THC is not water-soluble; so it remains on the plant when it is soaked. By eliminating water-soluble substances (pigments, proteins, sugars, and some resins), which may make up 25 percent of the plant material by weight, this cure may increase the concentration of THC by up to a third. 

Marijuana cured by this method has a dark, almost black colour, and looks twisted and curled, something like tea leaves. The water cure is frequently used to cure dried fan leaves and poor-quality grass.


----------



## shuggy4105 (Oct 1, 2007)

:yeahthat: this was where i recieved the info on "water-curing" too.
1/3 increase in potency, and also from another source bassically telling the same thing.
i`ll let you  all know the out come-smoke report...
it can be more potent due to the thc-weight ratio.
you also can give your flowering girl nutes up untill harvest, as the water-cure method removes all water-soluble fert.


----------



## shuggy4105 (Oct 2, 2007)

hello dudes and dudettes, lil update on this water-cure.
the pics are of the jars i am using-about 4oz in each....


----------



## Mutt (Oct 2, 2007)

Are you going to use a food de-hydrator?
If not seen some threads out there that they just put a fan on them and hung/dry and watched for mold really close. I think the de-hydrator would "almost" be a must.

Good luck hope it works out for you.


----------



## shuggy4105 (Oct 2, 2007)

i live where the humidity is very low, so not needing a de-hydrator i don`t think.
good air circulation,combined with the dry climate, should do the trick.also if it`s too slow drying then i`ll place the buds and popcorn on a silk screen to allow the air to circulate all round the buds.
here`s a pic of the dried buds before the water-cure.   
thanks for the replies dudes.
can`t load the pic because i`ve allready used it for another post


----------



## SmokinMom (Oct 2, 2007)

Good luck on this water cure Shuggy.  I can't wait to hear a smoke report.  I hope it helps.


----------



## shuggy4105 (Oct 2, 2007)

i hope so too...


----------



## jb247 (Oct 2, 2007)

I have done a water cure in the past, using ideas that I read about on O.G... I did it on plants that were just cut down and trimmed.  I used a 30 qt. ice chest, filled it half-way up with buds (still on their stalks)...fill the remainder of the chest with drinking quality water...every day for 7-10 days you gently empty the chest, and refill.
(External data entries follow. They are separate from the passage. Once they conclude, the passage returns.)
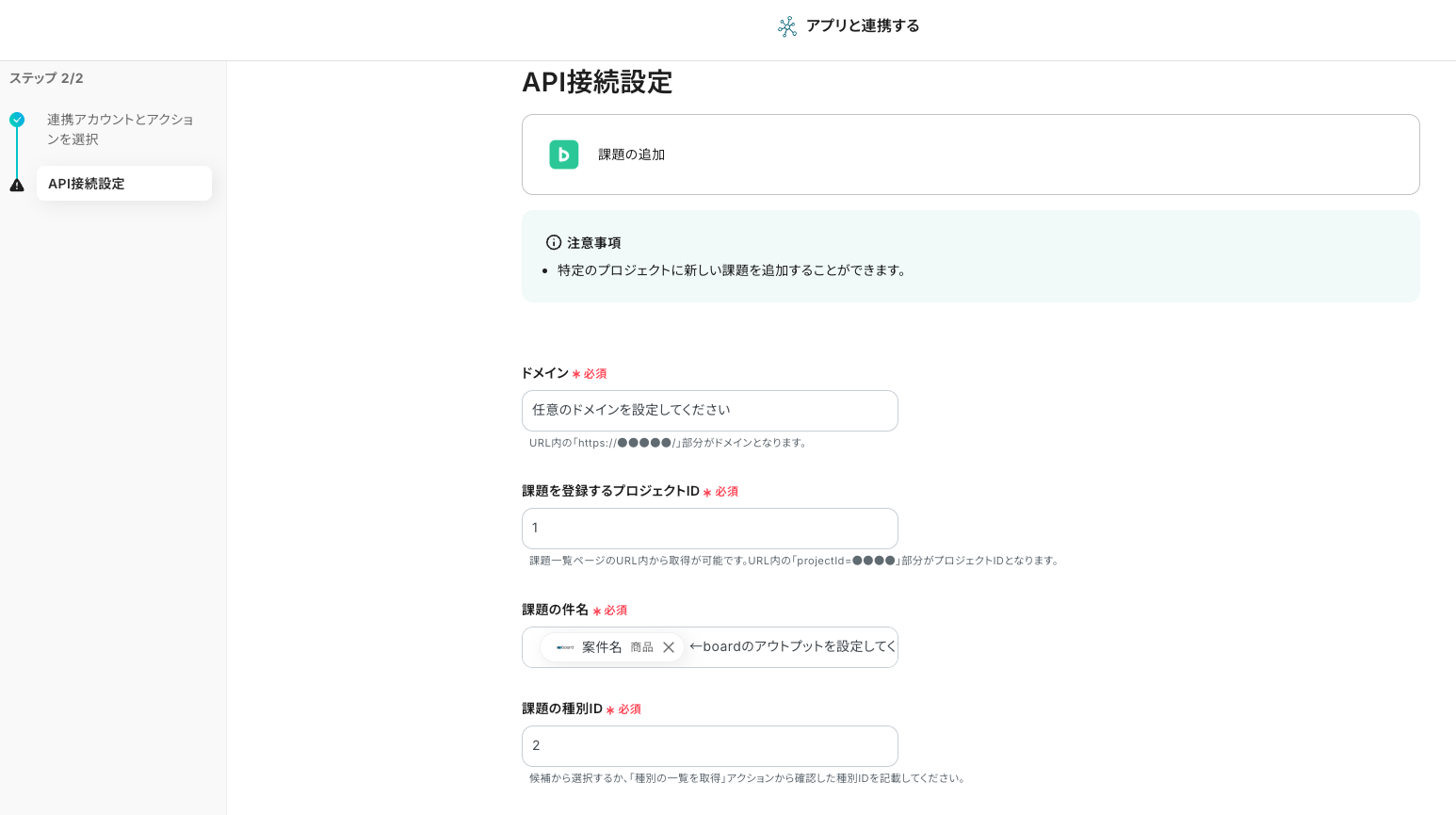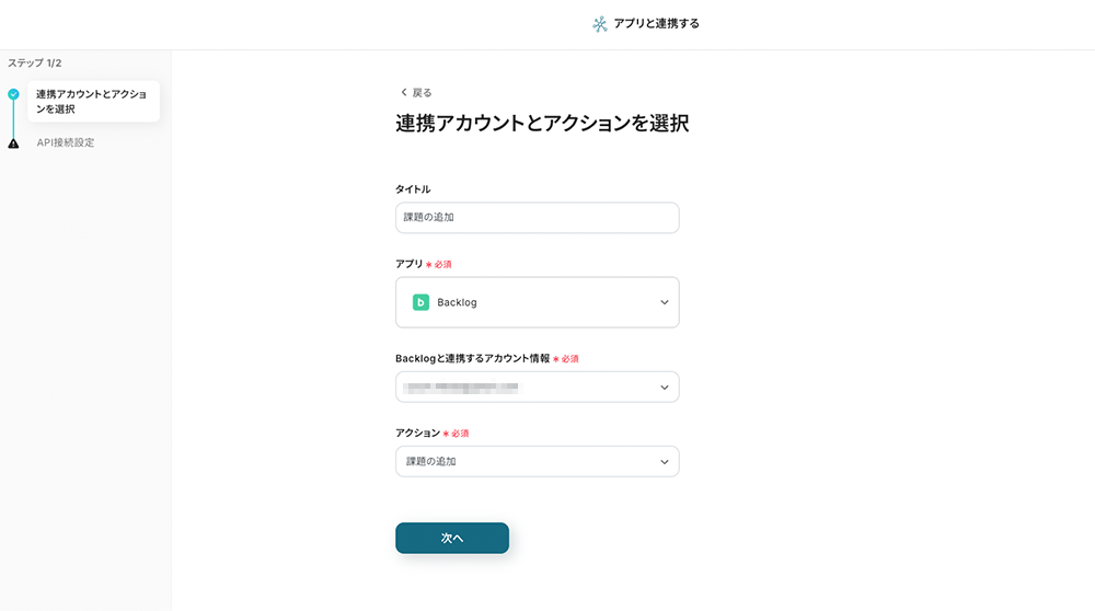 テンプレートの2つ目の工程をクリックします。この工程では前の工程で取得した値を使って、Backlogの課題を追加する設定を行います。
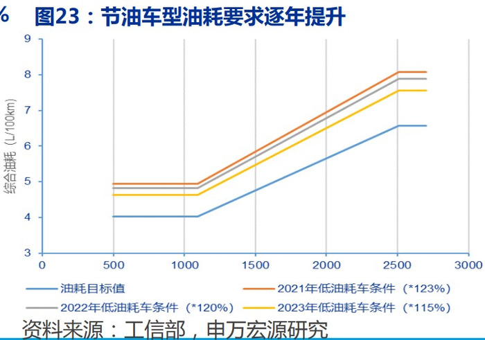 中长期,《双积分》政策对低油耗(HEV)车型的核算优惠,进一步体现出政府对该技术的大力扶持。在核算企业新能源汽车积分达标值时低油耗车型给予核算优惠。最新的管理办法将核算倍数从三年固定数值方式调整为逐年减少:2021-2023年分别为0.5/0.3/0.2倍,逐步向零油耗车靠拢。这意味着企业即使每年生产同样数量的HEV车型,其对应的每年需要合规的新能源正积分也在逐步减少,合规成本上HEV车型具备了一定的政策优惠。
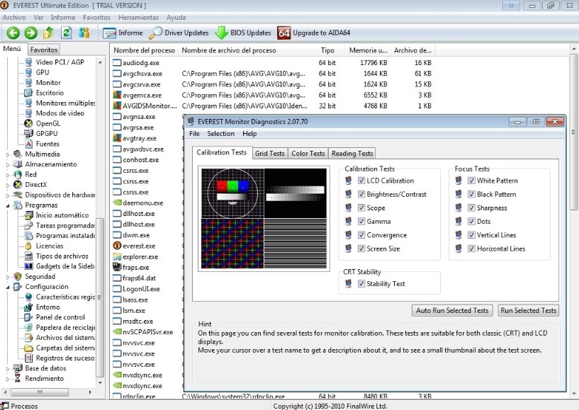 Everest оснащена встроенными тестерами, которые выводят всю необходимую информацию о состоянии процессора и оперативной памяти компьютера.
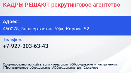 КАДРЫ РЕШАЮТ, рекрутинговое агентство по адресу 450078, Башкортостан, Уфа, Кирова, 52 в дальнейшем Организация, размещена в следующих категориях:
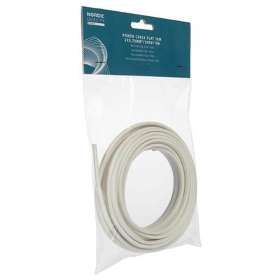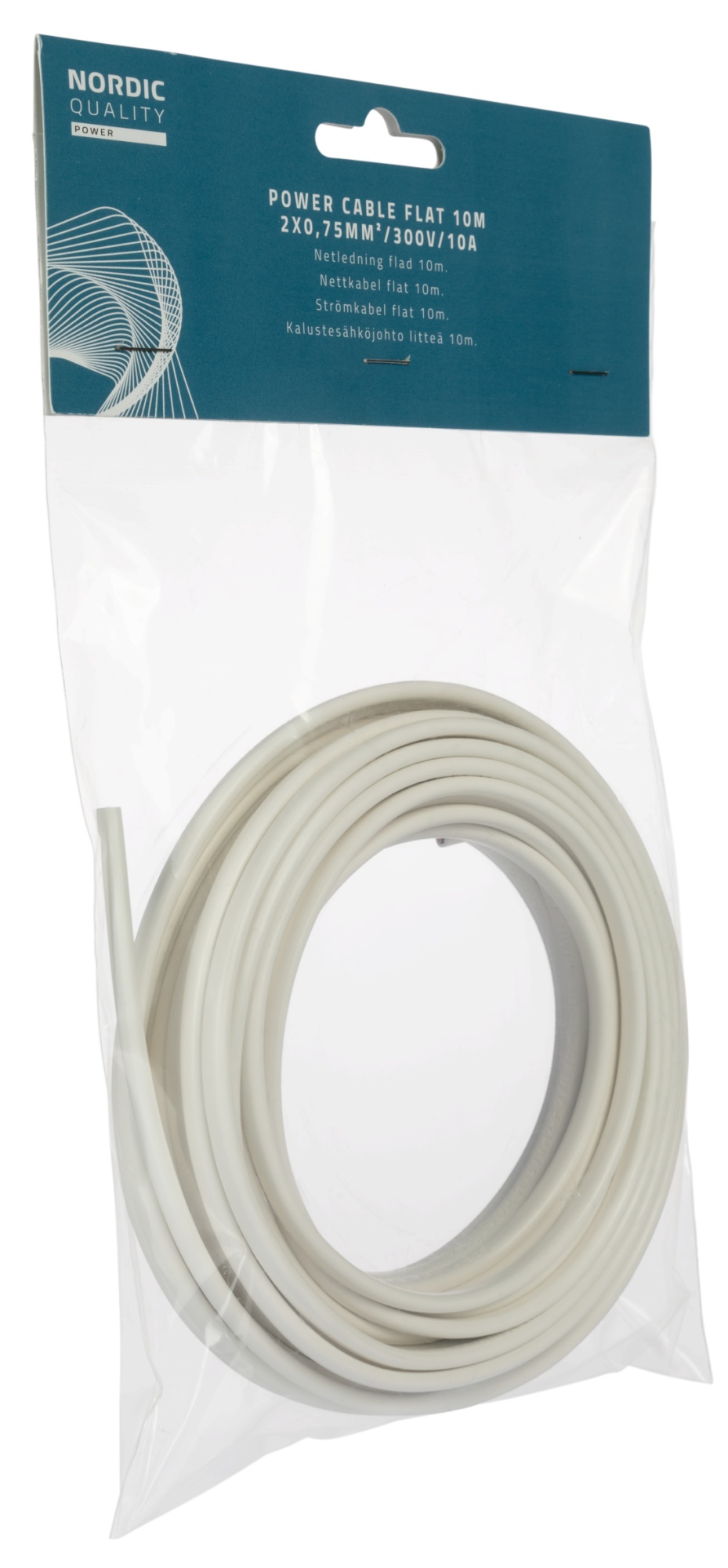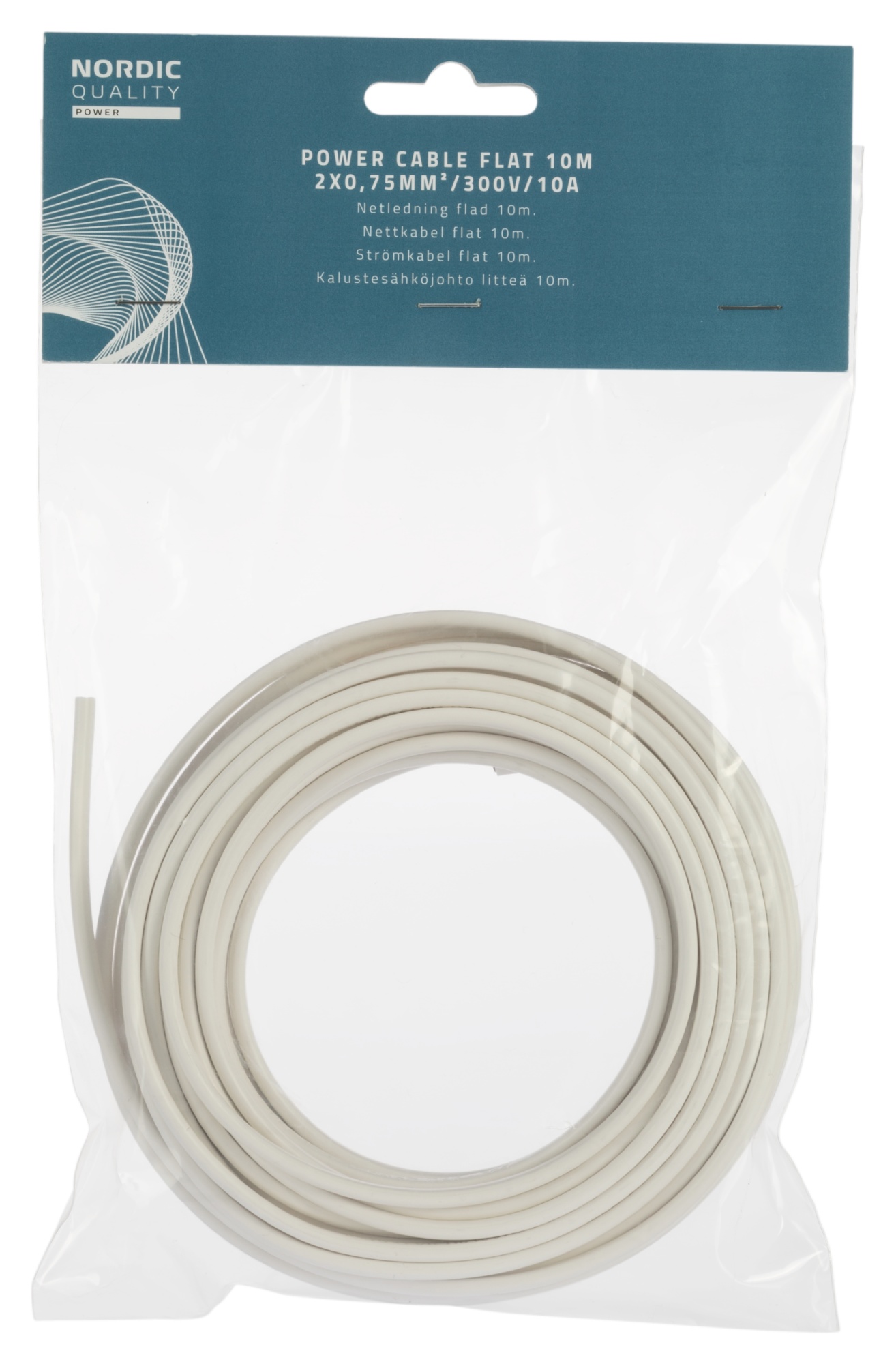 Oval ledning, H03VVH2-F, ideel til indendørs brug som tilslutningskabel til belysning. Let, blyfri og PVC-isoleret. 2 x 0,75 mm², 10 meter, hvid.

About the sixth day in, you start to see that the water is turning slightly green (meaning: you are washing out clorophyll?).

Then you simply hang in your drying chamber, keeping a very close eye out for the mold, til dry (as you normally would).
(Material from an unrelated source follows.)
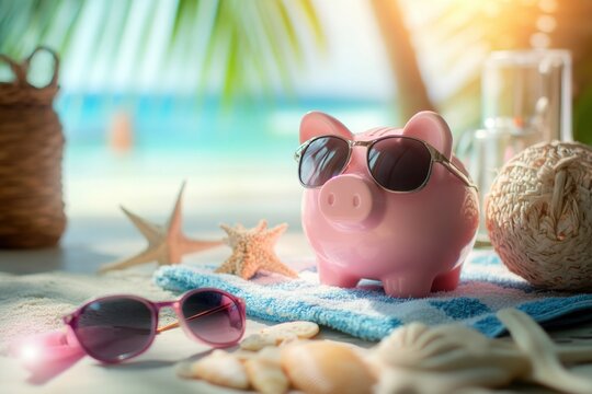Colorful piggy bank and sunglasses rest on a sunny beach towel, surrounded by seashells and starfish, symbolizing summer savings and financial relaxation.
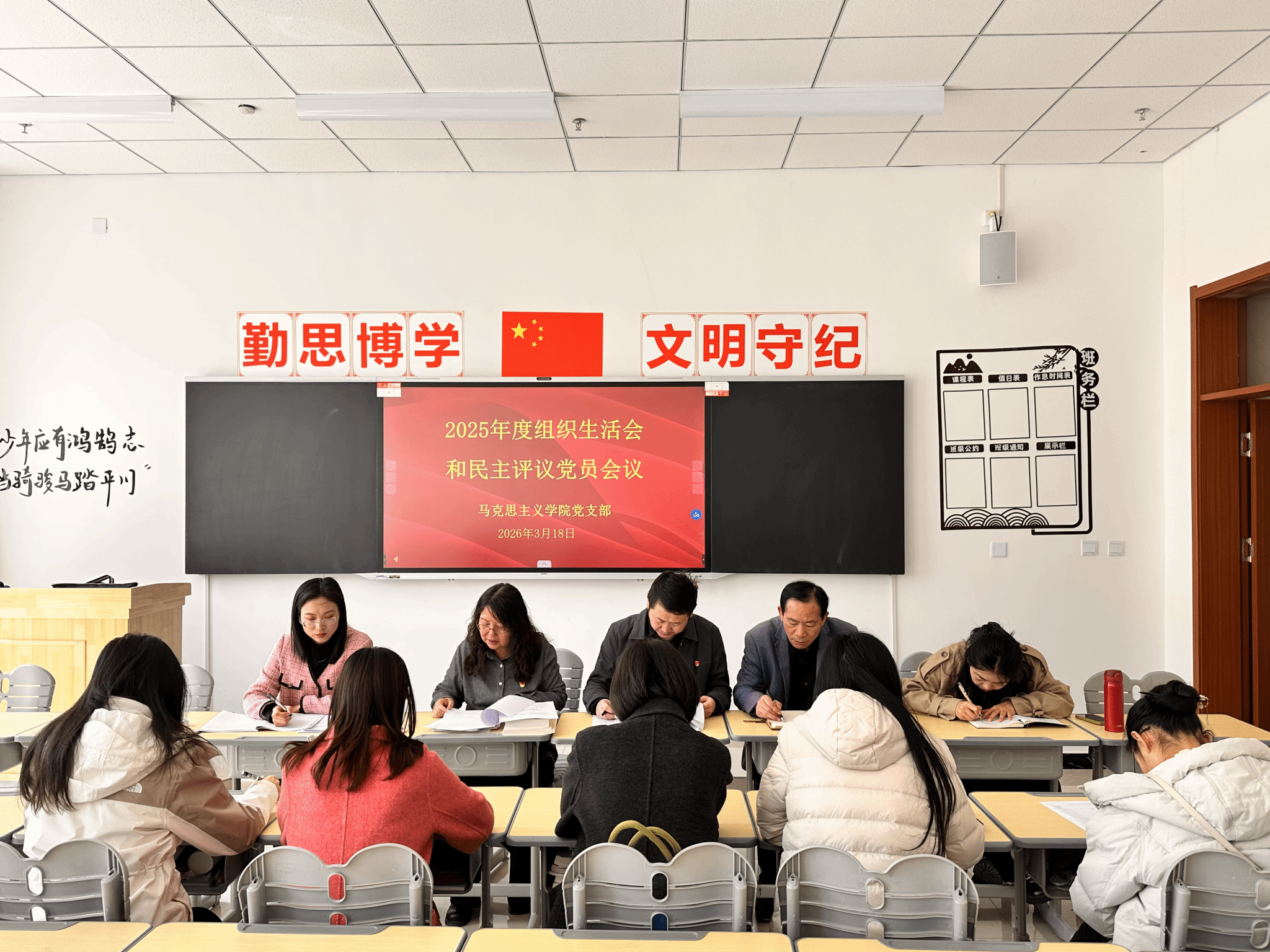 3月18日,定西职业技术学院马克思主义学院党支部召开了2025年度组织生活会和民主评议党员大会。校党委指导组仲军、王凤舞同志到会指导,会议由支部书记王调兰主持。

As for the difference in the smoke...water cured buds were much milder smoking, than the air dried and normal curing method. They were not different as far as the high was. The taste was much blander than the regularly cured product, I think it is because alot of the terpenes are water soluble and the flavors they add washed away...but I'm just guessing here...

I really don't recommend water curing, but then again I don't usually smoke the stuff I grow, only vaporize...which completely changes the taste of the product...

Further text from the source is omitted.